Définitivement. Premièrement, lors de ces manifestations également, la majorité des manifestants ne voulaient pas de ce groupe. Ils n’ont pas toléré les drapeaux palestiniens. Ils ne voulaient pas être impliqués dans cette question, car ils craignaient que cela irrite la plupart des Israéliens. Et ce bloc se rétrécit encore plus aujourd’hui. Les gens qui sont vraiment contre la guerre et l’occupation forment un camp beaucoup plus petit après le 7 octobre.


Depuis des années, tu ne cesses de soulever toi-même des questions qui restent souvent taboues en Israël. Tu as toutefois assez souvent défendu le Premier ministre Benjamin Netanyahu et remis à leur place ses critiques libéraux. Pourquoi ça ?

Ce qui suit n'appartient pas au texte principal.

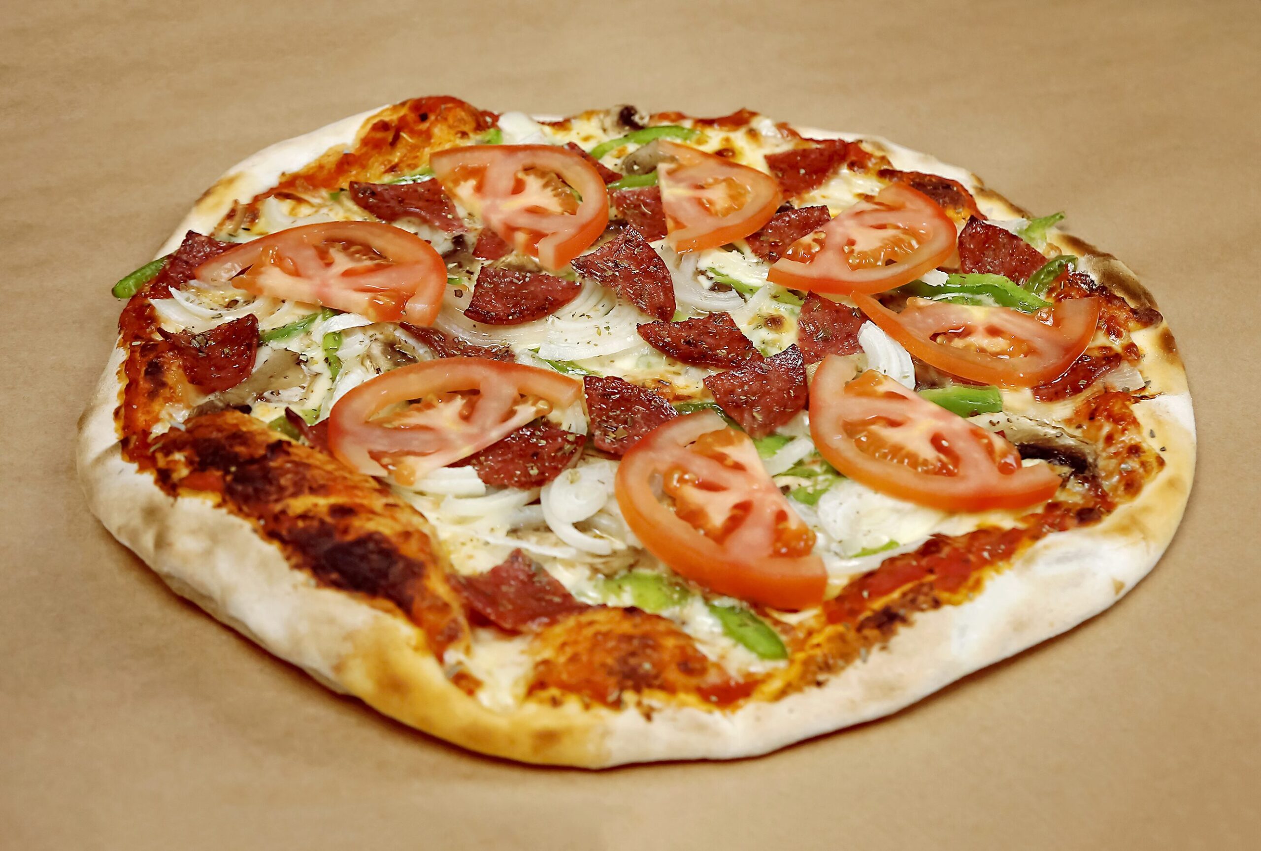 Salami, mushrooms, onions, green pepper and fresh tomato come together on a classic pizza base for a dynamic medley of savoury, earthy and fresh flavours.
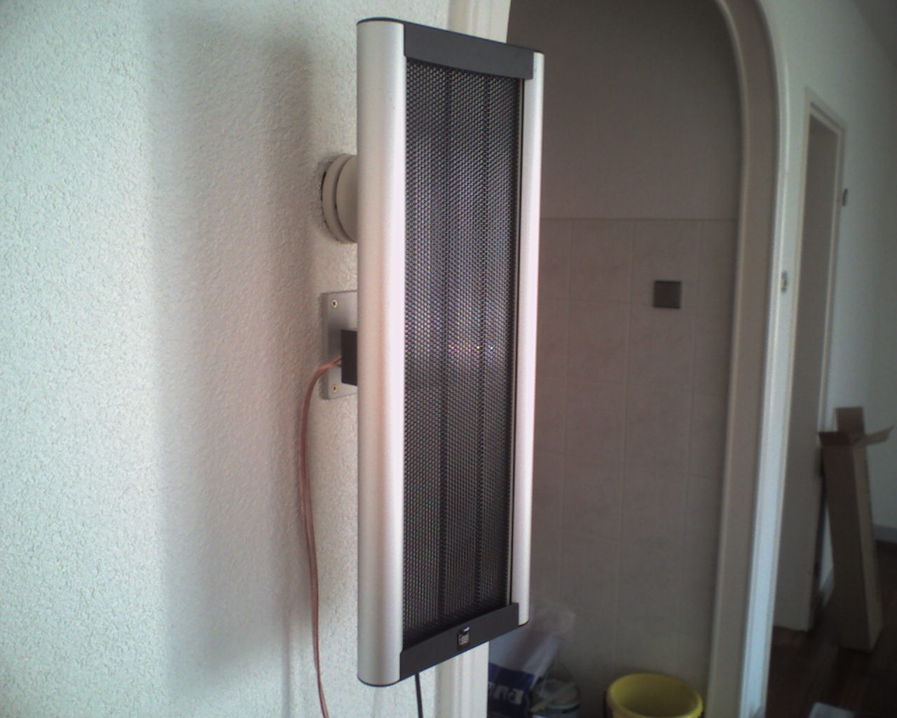 Dat zijn electrostaten die je zoekt...He, ik ben op zoek naar een topic over een apart soort speakers. Die werkten met veel ijzerdraadjes over een groot oppervlak gespannen met een hoge spanning (oid).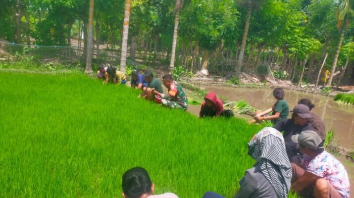Kebersamaan Babinsa dan Petani Warnai Kegiatan Tanam Padi di Karera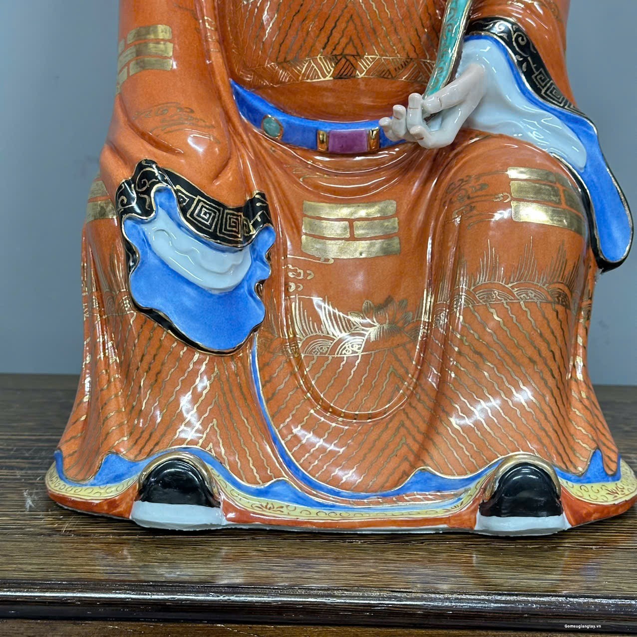 • Gốm sứ Cảnh Đức Trấn, men bóng, họa tiết tỉ mỉ, phối đỏ cam – xanh – nhũ vàng nổi bật
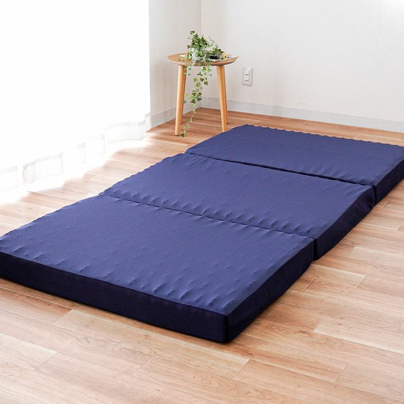 ベッドマットレスの上に重ねて、また、床に直接敷いてお使いいただけます。折りたたみ簡単な三つ折りタイプ。使わないときは立てかけるだけで湿気対策になります。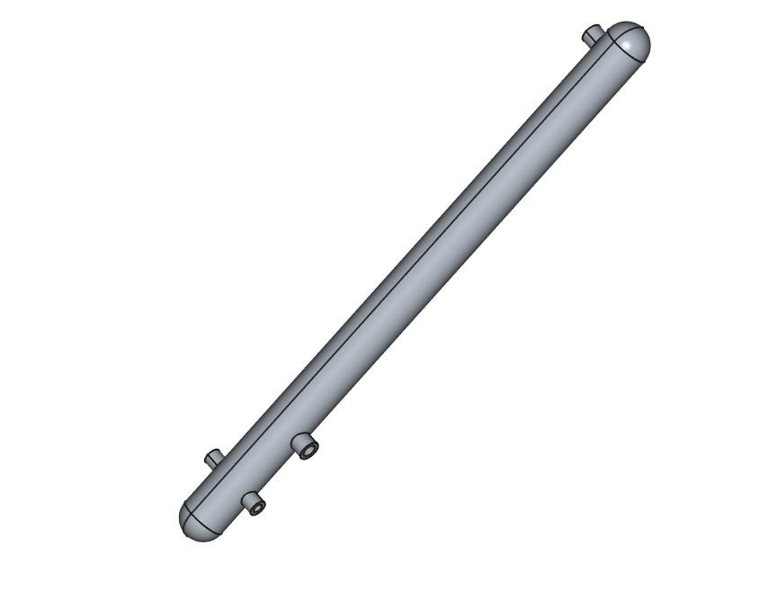 Das Modell wurde mit FreeCAD konstruiert. Die Gesamtabmessungen betragen Durchmesser Φ6,4 mm, Wandstärke 3 mm und Länge 250 mm. Vier Anschlussstutzen sind vorhanden für Ein und Auslass von Rohr und Mantelseite.

Le front uni contre Netanyahu était exclusivement focalisé sur l'idée de se débarrasser de lui, tout en faisant l’impasse sur tous les autres problèmes. Comme si Israël allait se transformer en une sorte de paradis dès que nous serions débarrassés de Netanyahou. Comme si tout était de sa seule faute. L’occupation et les colonies - tout cela est dû au Parti travailliste israélien, pas à Netanyahou. Shimon Peres, qui a reçu le prix Nobel de la paix, est responsable de plus de colonies que Netanyahou. Être contre Netanyahu est très confortable. Il n’y a pas besoin de courage pour cela. Mais si l’on n’a pas d’alternative, ni personnelle, ni programmatique, ni idéologique, cet argument est creux. En outre, je suis également d’avis que Netanyahou a personnellement un niveau bien plus élevé en tant qu’homme politique que tous les autres candidats.

Ta position a-t-elle changé ?

Aujourd’hui, je ne dirais plus un seul bon mot sur Netanyahou. Il doit dégager. Il n’y a aucun doute à ce sujet.